E, incluso si en invierno su familia había sido destruida con la separación, en invierno también había conseguido una segunda familia, una que le entregaba muchas cosas de las que alguna vez había carecido. Porque Kuroo no había llegado solo a su vida, incluso cuando eso ya hubiese sido lo suficientemente genial y él se consideraría con ello la persona más afortunada del mundo; había llegado con su reducida familia monoparental que, a pesar de los conflictos y los enfados constantes de sus miembros, funcionaba demasiado bien para alguien que sólo conocía un hogar vacío y disfuncional. Y que, al igual que los brazos de su amigo de infancia y ahora novio, era lo más cálido en el mundo para él, y le otorgaba esa seguridad y felicidad que creyó le había sido arrebatada en el momento de nacer en su propia familia impuesta.
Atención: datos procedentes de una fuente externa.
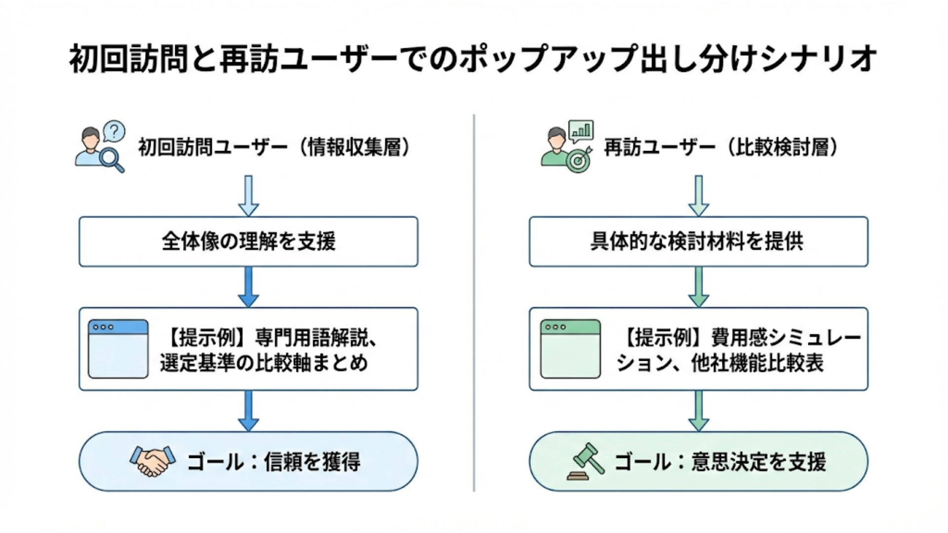 初回訪問のユーザーには、まずはその領域の全体像を理解してもらうための軽い支援が適しています。例えば、専門用語の解説や、ツールを選定する際の基準をまとめた比較軸の提示などです。ここでは信頼を獲得することに主眼を置きます。
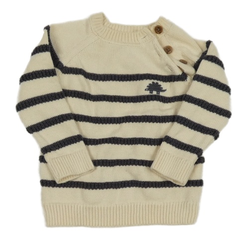 Smetanovo-tmavošedý pruhovaný svetr s dinosaurem F&F
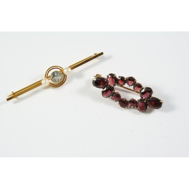 the circular-cut aquamarine is set with two small pearls, in 15ct gold, 6cm long, together with a garnet brooch, set with oval and circular-cut garnets in gold, 3.8cm long
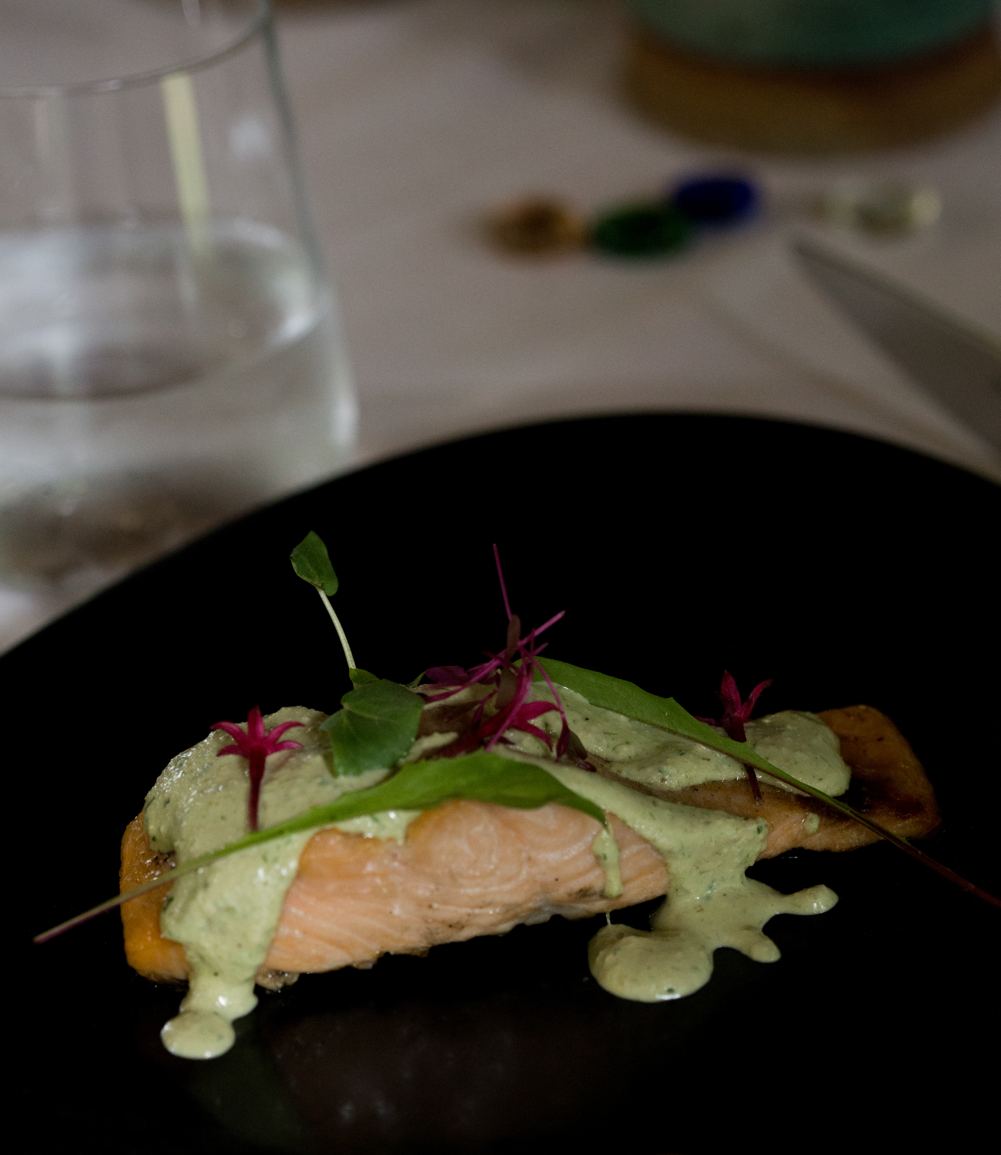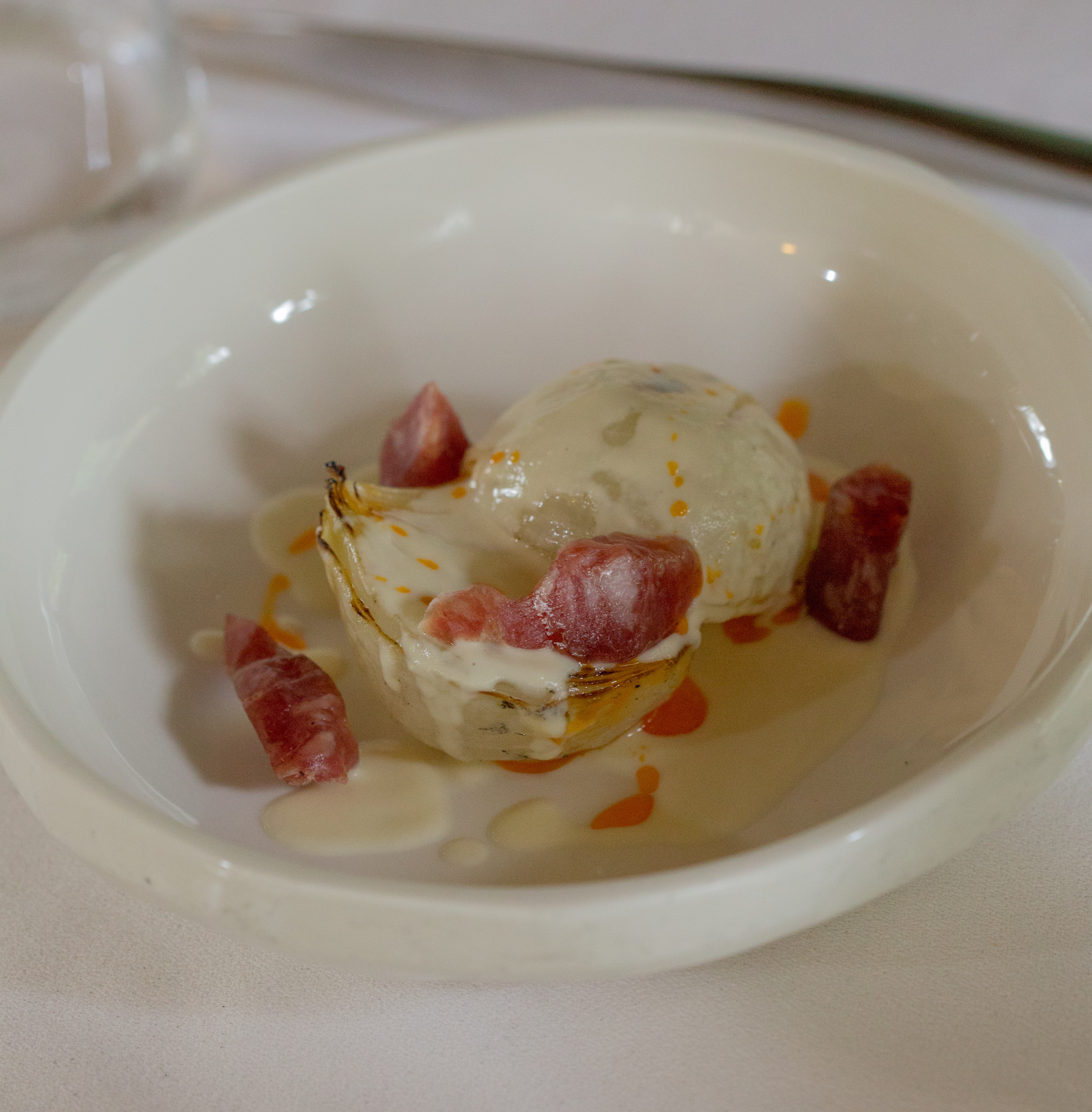 Vengono serviti due antipasti locali, la cipolla bianca del loro orto cotta alla brace, servita su una fonduta di tometta campagnola, proseguendo con un filetto di trota di Agritrutta, allevamento ittico di San Biagio (CN) con Aioli, Pesto di Noci ed una salsa alle erbe.
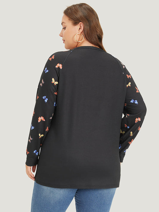 Butterfly Print V Neck Raglan Sleeve Sweatshirt
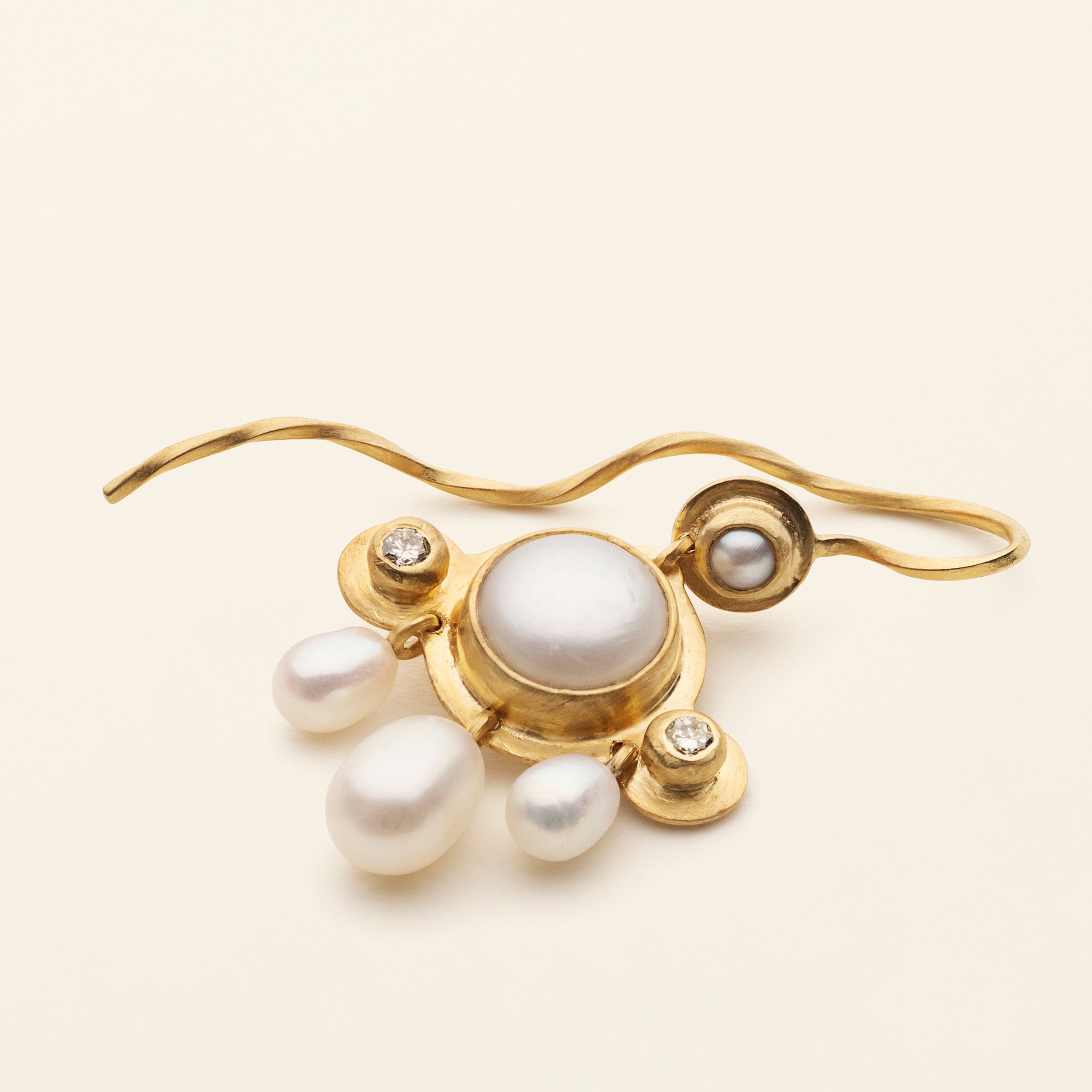 5 pearl single ørering m. diamanter i 18K forgyldt sølv. Øreringen måler ca. 3,5cm høj og ca. 2,5cm bred.
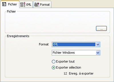 Dans la zone “Enregistrements”, sélectionnez le format du fichier d’export — Texte, Texte longueur fixe, DIFF, SYLK, DBF, 4D Application ou XML et ses options de formatage (cf. section Formats des fichiers d’échange).
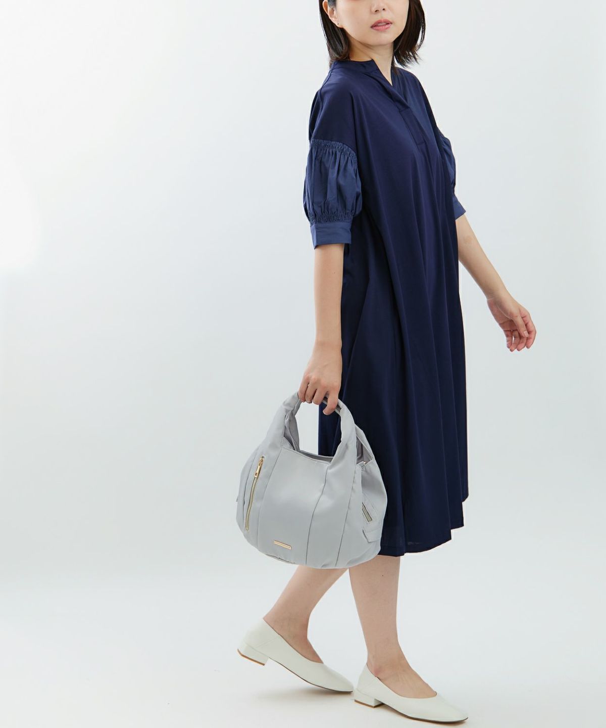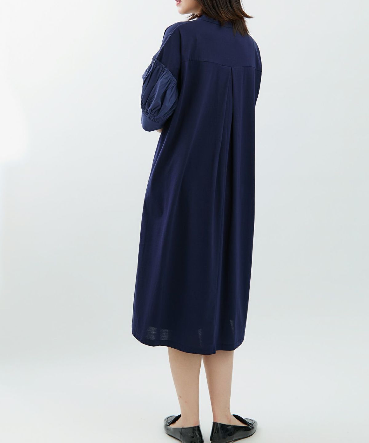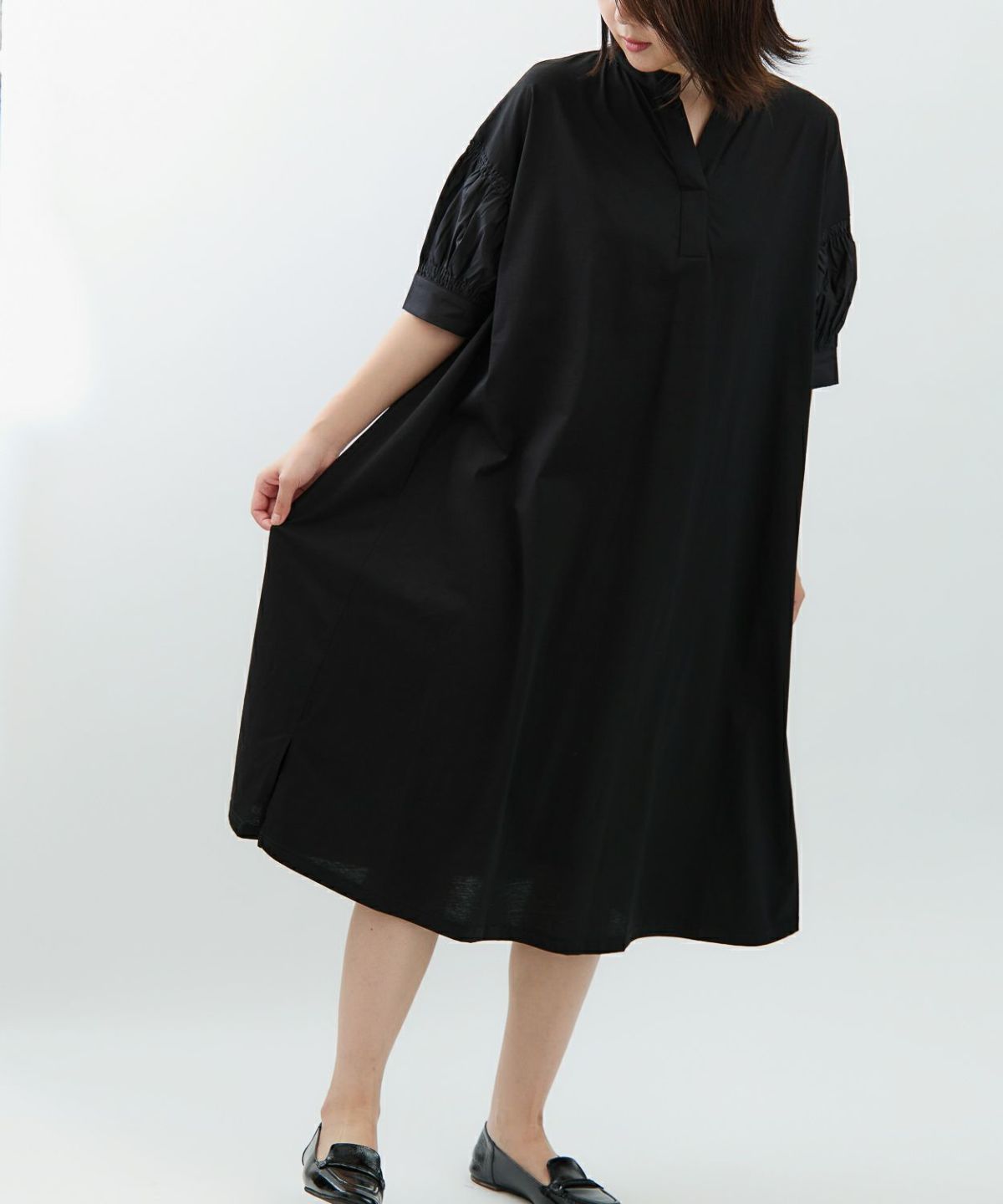 袖切替スキッパーネックワンピース

Cuando la señora Kuroo supo lo de ellos y los aceptó, felicitándolos con naturalidad e incluso lamentándose de que su querido Ken-chan terminara con el atolondrado de su hijo y lo tuviera que aguantar, él decidió que, definitivamente, la familia era la que uno escogía. Y él había escogido adecuadamente la suya a los seis años, al aceptar por primera vez la mano extendida de Kuroo y su amable sonrisa que le invitaban, y medio obligaban, a ir a jugar vóleibol con él. Al aceptar ir a merendar a su casa por primera vez, coincidiendo con el día libre de una señora Kuroo que se esmeró en hablarle con afecto y hacerle sentir cómodo. Al aceptar ese día de diciembre ir con él y apartar cualquier sentimiento negativo de su corazón mientras ponía sus luces, por primera vez sólo de él, en el bonito árbol de la familia Kuroo.
Junto al escoger dejar en el olvido la envidia que le había corroído por años y el hacer la paz con sus sentimientos por Kuroo que finalmente habían terminado siendo correspondidos, era una de las decisiones de la que más se enorgullecía en toda su vida.